I don't believe Katirai had ever considered an EU or ES model, but I get the feeling that if he had, he would have embraced it. As my model of the Sun is different from all the other alternatives though, I like to think he would have picked mine. :D

>"They believe that the sun gives light and heat

Not proven. Still waiting for NASA to offer up the evidence of any transverse waves being emitted by the Sun.

by Lloyd » Fri Jan 18, 2013 5:04 pm

Kalensar, what does 3.83x10^26 refer to, which you divide by c^2 to get t (time in seconds)? Is it Energy?

Last Quote from Katirai
This is from the last part of his book at http://www.scribd.com/doc/61291192/AstronomyDec28-2008.
If there are disagreements, please say why.
_{Milky Way Object Count}
_"In fact, if we carefully study the Milky Way, we find that in its plane, there are no more than several thousand objects that could actually be called planets.
_"As demonstrated in the preceding text, the idea that there exists hundreds of billions of stars is an illusion that is based on the idea that every point of light is a star.
_"In reality, it is much more likely to be a planet, planetoid, asteroid, or clouds of dust and minerals.
_"Are there that many planets or planetoids in the Milky Way? The answer is no.
_"If one looks at the sky on a clear night, there appear to be millions of stars visible to the naked eye.
_"In reality, the number of visible stars is only 2,800.
_"the total number that could be seen all around the earth is about 6000.
_"Astronomers claim that there are four hundred billion stars in the Milky Way.
_"On the contrary, when we look at many photographs of the Milky Way, we see that all of them show a mass of clouds with only a small number of objects in between the clouds.
_{
StellarVisibilityRange}
_"Astronomers believe that the sun from a distance greater than 50.71 light-years would not be visible to the naked eye.
_"The distance of 1,000 light years is so great, that no star could be visible to the naked eye even it were thousands of times brighter and larger than the sun.
_"If the suggestion that the 2,000 light year width of the Milky Way were true, then the distribution of stars visible to the naked eye would be the same in all directions.
_"We would not be able to see the configuration of the plane of the Milky Way in any direction.
_"In other words, we would not see the plane of the Milky Way.
_"The fact that our naked eye can see the plane of the Milky Way as a band of misty light so clearly proves that the width of the Milky Way must be much less than 2,000 light years.
_"This simple experiment demonstrates that the sun from the distance of 6.09 light-years would not be visible to the naked eye.
_"the sun, at a distance of 32 light-years, appears as a star of fifth magnitude.
_"In other words, the sun appears 2.512 times brighter than a star that is barely visible to the naked eye.
_"This means that the sun from a distance of 50.71 light-years would be barely visible to the naked eye.
_{Galactic Rotation Time}
_"Pluto takes about 250 years to complete its orbit.
_"the most distant objects circling the sun should not be too far away from Pluto.
_"A rough calculation would show that these objects are moving slowly and would take many thousands of years to complete their orbit around the sun.
_"This is exactly what the Dutch-American astronomer Adrian Van Maanen (1884-1946) discovered regarding the rotation of the Andromeda galaxy.
_"He found that Andromeda completes its rotation in less than 1,000 years.

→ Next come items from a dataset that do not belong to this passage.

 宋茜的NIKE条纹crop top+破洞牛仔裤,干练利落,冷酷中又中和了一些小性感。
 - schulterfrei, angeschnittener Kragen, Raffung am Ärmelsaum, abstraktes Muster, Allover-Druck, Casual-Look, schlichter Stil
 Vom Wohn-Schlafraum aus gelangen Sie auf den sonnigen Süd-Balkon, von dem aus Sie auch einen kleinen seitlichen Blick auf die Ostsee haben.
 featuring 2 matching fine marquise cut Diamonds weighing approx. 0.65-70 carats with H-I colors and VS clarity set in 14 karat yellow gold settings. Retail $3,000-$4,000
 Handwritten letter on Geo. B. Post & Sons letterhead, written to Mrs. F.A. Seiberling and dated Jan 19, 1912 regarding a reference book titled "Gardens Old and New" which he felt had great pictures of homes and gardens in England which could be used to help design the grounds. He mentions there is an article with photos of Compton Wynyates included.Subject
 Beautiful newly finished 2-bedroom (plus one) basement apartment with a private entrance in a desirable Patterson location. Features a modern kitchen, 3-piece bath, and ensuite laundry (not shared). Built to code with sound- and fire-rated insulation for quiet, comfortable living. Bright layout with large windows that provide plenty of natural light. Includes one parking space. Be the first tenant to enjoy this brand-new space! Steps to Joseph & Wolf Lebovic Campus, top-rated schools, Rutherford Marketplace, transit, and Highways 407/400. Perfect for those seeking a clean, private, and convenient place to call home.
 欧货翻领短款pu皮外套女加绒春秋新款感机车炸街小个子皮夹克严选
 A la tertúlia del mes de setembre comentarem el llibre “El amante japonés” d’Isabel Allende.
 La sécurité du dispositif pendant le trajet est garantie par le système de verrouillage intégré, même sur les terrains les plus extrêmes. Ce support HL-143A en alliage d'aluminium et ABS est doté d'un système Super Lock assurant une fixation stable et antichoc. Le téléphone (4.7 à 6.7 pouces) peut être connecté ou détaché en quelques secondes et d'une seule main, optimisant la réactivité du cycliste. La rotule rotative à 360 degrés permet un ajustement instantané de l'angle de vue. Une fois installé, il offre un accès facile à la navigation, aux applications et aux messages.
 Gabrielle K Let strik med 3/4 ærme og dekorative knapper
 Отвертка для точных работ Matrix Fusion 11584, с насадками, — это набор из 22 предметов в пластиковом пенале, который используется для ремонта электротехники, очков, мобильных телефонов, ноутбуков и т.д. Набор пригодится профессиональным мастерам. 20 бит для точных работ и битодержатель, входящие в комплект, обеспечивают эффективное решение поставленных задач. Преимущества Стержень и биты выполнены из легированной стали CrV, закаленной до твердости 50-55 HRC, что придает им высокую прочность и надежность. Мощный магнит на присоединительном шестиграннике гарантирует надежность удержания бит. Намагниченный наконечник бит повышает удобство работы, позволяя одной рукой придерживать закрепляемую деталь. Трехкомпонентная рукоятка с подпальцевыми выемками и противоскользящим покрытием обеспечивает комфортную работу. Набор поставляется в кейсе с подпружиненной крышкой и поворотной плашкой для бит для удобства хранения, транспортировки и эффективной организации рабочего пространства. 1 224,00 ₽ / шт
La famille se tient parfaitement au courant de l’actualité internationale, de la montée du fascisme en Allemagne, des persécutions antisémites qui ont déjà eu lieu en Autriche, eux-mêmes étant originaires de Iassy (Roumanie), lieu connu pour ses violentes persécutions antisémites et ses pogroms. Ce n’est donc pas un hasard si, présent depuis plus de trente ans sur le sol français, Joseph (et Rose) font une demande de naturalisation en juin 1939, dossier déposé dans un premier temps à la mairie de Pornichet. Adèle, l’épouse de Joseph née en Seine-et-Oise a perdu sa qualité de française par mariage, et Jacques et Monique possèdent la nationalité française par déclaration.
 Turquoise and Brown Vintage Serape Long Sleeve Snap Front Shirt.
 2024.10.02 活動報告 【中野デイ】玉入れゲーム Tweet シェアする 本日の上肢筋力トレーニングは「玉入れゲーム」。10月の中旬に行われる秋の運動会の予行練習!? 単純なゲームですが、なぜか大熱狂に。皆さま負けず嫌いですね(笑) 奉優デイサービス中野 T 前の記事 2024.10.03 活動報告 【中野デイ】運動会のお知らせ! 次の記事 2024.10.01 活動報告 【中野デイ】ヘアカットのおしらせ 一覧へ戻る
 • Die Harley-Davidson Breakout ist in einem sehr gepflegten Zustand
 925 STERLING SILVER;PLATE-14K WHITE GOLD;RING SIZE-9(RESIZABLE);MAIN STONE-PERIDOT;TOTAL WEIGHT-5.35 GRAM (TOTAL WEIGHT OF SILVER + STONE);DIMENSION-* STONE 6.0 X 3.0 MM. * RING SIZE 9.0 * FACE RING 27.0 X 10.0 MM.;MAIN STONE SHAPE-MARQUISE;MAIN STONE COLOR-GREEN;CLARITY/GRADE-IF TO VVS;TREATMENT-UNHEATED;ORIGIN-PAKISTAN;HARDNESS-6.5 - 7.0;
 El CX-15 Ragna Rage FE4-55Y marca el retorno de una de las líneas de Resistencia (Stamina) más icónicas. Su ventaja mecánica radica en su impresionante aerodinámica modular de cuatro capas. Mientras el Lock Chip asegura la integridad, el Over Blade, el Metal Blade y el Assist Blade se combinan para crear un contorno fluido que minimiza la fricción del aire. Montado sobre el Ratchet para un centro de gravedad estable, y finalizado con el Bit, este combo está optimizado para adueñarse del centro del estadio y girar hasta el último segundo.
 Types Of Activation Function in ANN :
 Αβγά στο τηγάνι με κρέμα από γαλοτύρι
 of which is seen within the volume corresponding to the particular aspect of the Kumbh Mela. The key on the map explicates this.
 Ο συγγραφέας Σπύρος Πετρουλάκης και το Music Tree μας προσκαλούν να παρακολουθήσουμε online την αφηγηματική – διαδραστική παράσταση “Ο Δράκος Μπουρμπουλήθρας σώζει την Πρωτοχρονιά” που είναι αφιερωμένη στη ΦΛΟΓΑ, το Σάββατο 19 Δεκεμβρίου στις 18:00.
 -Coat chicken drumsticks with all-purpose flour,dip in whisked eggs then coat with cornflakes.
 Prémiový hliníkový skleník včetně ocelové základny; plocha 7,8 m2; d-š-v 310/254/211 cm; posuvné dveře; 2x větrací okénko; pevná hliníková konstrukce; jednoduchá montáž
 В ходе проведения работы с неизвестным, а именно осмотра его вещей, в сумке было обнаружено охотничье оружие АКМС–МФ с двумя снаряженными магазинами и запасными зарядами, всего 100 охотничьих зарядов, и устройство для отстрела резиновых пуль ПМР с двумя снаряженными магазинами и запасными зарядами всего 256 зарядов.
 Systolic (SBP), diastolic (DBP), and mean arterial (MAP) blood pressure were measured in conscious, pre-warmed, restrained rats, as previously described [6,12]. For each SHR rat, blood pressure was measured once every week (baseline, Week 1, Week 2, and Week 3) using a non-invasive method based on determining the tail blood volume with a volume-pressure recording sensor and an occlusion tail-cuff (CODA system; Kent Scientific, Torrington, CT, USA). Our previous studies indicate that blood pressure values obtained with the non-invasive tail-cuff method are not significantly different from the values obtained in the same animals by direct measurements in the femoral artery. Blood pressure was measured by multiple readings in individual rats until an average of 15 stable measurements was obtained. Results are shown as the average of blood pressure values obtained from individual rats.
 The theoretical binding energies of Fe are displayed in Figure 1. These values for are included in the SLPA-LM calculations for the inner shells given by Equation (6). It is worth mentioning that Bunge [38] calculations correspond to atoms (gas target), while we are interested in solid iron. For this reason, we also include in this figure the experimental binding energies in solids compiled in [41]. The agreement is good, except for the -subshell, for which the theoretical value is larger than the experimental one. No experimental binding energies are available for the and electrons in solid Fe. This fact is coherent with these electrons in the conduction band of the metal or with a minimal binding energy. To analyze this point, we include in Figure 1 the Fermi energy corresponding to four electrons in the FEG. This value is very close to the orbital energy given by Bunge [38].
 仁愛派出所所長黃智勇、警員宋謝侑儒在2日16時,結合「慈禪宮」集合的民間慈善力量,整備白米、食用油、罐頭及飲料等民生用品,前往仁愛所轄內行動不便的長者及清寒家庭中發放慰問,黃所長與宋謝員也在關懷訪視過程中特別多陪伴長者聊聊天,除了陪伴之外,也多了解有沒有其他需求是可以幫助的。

by Lloyd » Sat Jan 19, 2013 3:40 pm

Kalensar, I commented on Katirai's experiment before. I said it seems to me that, since his experiment was performed in Earth's atmosphere, the air may have absorbed some of the light, whereas in space the light might go much further. Do you have any data on how much light is scattered or absorbed in air?

by Lloyd » Wed Jan 23, 2013 7:06 pm

Distance of Sun's Visibility
I think the maximum distance the Sun is visible would be dependent on the intensity of its radiation. So can you tell us how much the intensity is reduced by Earth's atmosphere? If the atmosphere reduces it much, then Katirai's calculation would be based on a wrong assumption.

Betelgeuse
Pavlink posted links to Betelgeuse images on this thread: http://thunderbolts.info/forum/phpBB3/viewtopic.php?f=3&t=9801. Here's the first image.
[Image] http://www.sciencespacerobots.com/2013pics/betelgeuse_and_linear_bar.jpg

The orange spherical blob in the middle is apparently what we normally see as the star, but here it looks like an atmosphere or cloud around an inner white star. The semicircle to the left of it seems to be the bow of its plasmasphere. The article that was linked in the thread said the star is approaching a wall of dust, but the linear feature appears more likely to be a Birkeland current, since it seems to be helical.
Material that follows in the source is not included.